December 15th, 2024

City budget requires 2.5% tax hike, new council hears

By COLLIN GALLANT on November 16, 2021.

cgallant@medicinehatnews.com@CollinGallant

The 2022 city budget calls for a 2.5% tax increase – essentially the first hike in three years – and will take up the task of balancing the city budget as a matter of thirds.

Last year administrators were asked to remove the final $7.8 million in dividends from the municipal operating budget for this year. That would end any reliance on gas and power revenue, which has been unpredictable or non-existent in the case of gas since 2014.

The document presented Monday shows tax increases would cover inflationary pressure, while the budget gap would be filled one third in new revenue, one third in new spending cuts and the remaining pulled from city’s bank accounts, each equal to about $2.5 million.

The entire municipal budget would increase by about 6% to $124.5 million.
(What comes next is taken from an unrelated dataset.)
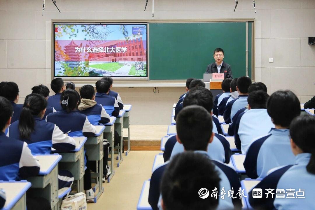 北京大学医学部山东招生负责人王军波教授带来报告《为什么选择北大医学》。详细介绍了北京大学医学部的历史文化、专业设置、学科建设以及个性化成长方案制定等内容,让大家对北京大学医学部有了更全面深入的认识,明晰了今后的努力方向。

Next year will be the last in the 2019-2022 budget cycle, which had originally called for 4% tax increases each year.

In mid-2020 however, council voted to put $4 million more from reserves into the budget to flatten tax hikes as a so-called “COVID relief” package. Last year approved a near $15-million raft of spending cuts and financial changes to keep rates at 2019 levels.

At the same time they called on budget authors to cut another $8 million in spending to accomplish a “financially fit” budget goal of eliminating $24 million in dividend income over 10 years from operational spending by phasing in cuts, tax increases and using reserve cash as bridge funding.

An “Accelerated Financially Fit” process, approved in late 2020, called officials to balance the budget without raising taxes or using reserve cash five years ahead of schedule.

Budget officials say they are on track to save the $14.8 million in cuts for 2021.

Utility rates change

Utility rate changes introduced at city council on Monday would see the average residential user pay about $3.28 more per month in 2022.

That equates to a 1.5% increase over all five utility categories, but three-quarters of the increase is related to sewer fee changes, or about $2.68 more in an average month.

Other changes and monthly averages are electric distribution (up 55-cents to $47.45 per month), gas distribution (down 65-cents, $40.78), water (up 46-cents, $46.89), and garbage collection (up 24-cents, $27.42).